[Items listed in a dataset]
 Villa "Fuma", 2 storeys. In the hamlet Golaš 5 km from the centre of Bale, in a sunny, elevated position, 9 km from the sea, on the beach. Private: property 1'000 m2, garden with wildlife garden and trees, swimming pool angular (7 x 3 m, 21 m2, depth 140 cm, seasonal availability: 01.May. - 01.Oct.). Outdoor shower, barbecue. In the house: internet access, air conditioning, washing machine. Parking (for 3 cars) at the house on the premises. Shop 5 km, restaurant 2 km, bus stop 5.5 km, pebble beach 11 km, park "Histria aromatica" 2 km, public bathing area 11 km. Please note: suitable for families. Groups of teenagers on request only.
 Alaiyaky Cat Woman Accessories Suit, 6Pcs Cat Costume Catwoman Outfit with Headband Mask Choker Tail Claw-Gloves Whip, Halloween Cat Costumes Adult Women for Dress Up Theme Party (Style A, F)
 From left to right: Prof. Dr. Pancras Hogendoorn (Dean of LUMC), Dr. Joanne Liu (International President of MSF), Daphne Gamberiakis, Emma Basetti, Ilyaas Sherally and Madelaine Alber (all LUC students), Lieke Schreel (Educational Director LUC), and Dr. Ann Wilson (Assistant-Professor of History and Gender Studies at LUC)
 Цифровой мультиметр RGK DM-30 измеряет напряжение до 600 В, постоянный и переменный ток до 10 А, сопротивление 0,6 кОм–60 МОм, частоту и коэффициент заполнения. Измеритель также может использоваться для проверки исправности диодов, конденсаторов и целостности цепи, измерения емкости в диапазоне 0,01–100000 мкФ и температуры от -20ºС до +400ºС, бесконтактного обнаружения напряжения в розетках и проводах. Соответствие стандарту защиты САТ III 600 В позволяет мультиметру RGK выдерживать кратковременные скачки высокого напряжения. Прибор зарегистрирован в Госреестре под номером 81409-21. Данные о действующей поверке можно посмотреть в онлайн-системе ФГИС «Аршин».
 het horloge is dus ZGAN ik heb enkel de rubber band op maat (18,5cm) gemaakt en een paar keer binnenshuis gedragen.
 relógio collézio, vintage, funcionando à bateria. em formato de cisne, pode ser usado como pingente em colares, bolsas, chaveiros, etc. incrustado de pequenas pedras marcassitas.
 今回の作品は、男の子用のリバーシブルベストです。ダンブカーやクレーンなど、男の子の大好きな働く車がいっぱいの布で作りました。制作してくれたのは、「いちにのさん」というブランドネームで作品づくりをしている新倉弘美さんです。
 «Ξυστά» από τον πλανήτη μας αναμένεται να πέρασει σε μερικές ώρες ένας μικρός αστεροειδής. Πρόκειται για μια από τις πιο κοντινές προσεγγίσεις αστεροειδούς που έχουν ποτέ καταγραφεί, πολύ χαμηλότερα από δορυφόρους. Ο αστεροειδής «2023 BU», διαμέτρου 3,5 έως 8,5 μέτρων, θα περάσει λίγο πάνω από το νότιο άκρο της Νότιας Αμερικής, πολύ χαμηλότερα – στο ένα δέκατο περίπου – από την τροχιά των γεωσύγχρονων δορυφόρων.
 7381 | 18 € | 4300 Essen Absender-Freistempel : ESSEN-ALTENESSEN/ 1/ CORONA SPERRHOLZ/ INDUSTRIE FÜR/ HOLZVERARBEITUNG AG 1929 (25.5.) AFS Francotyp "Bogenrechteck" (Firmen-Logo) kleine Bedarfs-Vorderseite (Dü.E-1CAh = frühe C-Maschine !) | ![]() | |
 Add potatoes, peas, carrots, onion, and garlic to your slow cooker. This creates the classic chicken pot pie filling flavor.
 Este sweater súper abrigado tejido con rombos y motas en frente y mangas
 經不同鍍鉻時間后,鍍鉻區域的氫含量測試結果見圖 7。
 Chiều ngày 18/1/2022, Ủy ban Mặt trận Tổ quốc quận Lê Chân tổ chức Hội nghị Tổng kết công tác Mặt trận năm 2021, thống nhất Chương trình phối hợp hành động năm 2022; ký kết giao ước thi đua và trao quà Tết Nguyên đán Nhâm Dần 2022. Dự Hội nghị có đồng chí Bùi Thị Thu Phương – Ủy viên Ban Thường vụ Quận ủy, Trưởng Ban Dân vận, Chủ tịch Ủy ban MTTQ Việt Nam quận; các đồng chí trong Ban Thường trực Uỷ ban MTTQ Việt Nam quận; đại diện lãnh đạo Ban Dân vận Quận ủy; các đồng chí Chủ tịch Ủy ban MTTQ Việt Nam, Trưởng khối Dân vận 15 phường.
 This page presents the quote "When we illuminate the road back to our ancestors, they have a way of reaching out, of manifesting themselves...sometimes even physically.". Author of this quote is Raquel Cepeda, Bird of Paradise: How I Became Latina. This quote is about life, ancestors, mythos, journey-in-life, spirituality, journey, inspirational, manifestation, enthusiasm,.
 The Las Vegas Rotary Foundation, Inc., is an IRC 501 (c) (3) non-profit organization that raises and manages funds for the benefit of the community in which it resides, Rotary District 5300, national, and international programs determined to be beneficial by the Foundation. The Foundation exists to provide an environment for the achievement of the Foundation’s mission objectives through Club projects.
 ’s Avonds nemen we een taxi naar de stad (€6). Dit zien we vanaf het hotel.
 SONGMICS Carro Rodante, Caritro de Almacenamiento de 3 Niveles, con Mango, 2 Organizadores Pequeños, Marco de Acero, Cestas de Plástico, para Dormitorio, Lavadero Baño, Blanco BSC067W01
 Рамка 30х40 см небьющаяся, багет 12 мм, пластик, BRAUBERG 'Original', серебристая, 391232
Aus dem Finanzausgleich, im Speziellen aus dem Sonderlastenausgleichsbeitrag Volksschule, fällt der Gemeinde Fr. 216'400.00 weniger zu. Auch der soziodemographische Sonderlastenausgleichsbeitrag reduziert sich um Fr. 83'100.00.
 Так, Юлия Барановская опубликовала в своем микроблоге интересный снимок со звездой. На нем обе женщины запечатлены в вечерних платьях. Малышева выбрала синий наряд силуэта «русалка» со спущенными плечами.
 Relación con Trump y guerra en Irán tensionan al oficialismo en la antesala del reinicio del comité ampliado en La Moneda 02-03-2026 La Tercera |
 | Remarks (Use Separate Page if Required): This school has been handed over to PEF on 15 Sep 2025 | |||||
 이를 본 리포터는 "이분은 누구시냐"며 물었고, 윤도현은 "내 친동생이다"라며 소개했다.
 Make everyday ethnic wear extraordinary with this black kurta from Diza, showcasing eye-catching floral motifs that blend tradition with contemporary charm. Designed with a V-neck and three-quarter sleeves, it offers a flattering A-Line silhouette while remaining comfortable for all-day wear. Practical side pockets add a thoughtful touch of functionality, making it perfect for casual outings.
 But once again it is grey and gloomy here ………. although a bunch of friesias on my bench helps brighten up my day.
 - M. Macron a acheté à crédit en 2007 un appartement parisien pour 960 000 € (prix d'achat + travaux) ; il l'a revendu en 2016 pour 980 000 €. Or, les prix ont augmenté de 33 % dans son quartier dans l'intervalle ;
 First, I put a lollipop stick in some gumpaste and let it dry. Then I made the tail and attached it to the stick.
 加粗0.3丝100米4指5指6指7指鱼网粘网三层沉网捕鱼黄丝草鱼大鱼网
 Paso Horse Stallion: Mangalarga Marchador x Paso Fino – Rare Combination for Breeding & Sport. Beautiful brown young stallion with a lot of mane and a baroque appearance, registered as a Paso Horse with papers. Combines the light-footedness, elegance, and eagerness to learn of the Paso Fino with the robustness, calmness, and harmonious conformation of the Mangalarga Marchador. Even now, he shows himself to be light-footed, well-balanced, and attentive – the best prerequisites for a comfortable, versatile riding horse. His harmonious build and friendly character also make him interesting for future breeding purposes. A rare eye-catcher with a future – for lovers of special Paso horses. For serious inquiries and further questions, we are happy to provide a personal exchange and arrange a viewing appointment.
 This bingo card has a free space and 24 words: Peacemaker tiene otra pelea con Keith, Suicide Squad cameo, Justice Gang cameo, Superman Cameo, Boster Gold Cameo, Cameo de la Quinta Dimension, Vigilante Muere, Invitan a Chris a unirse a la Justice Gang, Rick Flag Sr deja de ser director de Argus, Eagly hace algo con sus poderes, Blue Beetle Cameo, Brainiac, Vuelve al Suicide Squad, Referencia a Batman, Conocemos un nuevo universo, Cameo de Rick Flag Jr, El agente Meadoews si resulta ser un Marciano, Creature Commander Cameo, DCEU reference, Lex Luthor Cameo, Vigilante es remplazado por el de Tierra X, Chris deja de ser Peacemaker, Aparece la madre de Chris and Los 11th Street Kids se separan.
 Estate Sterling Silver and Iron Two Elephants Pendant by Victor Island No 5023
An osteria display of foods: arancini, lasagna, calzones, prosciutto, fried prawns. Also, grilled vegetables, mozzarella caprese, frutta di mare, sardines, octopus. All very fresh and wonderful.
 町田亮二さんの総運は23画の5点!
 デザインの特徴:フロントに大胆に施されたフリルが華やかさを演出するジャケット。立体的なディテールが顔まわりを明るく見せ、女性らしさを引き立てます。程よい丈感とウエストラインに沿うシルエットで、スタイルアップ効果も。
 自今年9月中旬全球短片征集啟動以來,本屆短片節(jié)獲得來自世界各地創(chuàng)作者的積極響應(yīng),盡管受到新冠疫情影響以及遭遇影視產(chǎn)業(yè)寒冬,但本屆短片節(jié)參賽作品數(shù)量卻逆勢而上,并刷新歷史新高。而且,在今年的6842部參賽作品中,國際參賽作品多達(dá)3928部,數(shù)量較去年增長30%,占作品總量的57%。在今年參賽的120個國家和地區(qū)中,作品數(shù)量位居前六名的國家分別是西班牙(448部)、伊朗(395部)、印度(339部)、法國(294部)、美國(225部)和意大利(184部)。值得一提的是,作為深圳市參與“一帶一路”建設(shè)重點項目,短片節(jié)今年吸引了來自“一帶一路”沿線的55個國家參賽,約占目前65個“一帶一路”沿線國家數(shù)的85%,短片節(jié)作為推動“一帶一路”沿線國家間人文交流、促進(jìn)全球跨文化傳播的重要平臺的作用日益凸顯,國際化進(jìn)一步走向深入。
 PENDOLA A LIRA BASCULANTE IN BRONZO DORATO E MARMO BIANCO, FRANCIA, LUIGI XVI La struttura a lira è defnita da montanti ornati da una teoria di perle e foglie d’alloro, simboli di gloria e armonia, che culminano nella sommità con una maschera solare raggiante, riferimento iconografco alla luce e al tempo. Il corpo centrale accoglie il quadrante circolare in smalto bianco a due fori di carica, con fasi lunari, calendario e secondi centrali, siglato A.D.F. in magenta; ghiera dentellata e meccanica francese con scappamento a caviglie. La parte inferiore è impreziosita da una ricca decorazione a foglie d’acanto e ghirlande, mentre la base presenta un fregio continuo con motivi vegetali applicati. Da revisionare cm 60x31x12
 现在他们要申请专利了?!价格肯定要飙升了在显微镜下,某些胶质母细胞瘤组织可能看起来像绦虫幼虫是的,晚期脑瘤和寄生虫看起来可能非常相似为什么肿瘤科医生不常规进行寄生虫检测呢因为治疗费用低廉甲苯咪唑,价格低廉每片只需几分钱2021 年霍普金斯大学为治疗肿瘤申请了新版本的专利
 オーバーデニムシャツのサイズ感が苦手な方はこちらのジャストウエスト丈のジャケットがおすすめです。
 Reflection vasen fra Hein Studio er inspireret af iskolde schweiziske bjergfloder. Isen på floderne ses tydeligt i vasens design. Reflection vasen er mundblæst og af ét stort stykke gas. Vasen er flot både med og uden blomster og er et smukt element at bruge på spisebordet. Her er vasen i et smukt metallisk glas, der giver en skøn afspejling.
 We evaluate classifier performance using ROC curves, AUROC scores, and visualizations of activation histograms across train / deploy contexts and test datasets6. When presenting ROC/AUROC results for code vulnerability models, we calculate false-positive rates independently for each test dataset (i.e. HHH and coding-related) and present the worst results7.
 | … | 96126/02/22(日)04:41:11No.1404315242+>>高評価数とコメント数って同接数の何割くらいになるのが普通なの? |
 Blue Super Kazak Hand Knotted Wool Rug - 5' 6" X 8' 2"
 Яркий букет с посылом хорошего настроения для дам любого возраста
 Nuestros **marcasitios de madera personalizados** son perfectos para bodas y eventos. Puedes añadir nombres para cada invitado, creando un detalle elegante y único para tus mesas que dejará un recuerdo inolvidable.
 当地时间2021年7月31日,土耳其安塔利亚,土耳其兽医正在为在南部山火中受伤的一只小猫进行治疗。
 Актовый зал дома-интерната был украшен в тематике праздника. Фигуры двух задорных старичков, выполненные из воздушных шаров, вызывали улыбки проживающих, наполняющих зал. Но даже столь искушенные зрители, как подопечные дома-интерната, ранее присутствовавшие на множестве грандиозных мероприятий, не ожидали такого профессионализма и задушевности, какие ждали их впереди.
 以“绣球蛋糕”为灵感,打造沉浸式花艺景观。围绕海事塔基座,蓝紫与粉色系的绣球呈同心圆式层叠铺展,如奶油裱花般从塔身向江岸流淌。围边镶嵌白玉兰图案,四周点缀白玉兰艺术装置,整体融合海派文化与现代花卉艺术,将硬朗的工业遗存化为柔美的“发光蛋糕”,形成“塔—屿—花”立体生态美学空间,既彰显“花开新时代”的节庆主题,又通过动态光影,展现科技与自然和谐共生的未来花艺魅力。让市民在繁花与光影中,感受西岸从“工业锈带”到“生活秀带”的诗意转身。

#### [What the task requires]
The total wanted is the number of lines in the entries above that contain "provide". Give it alone.

#### [Answer to the problem]
2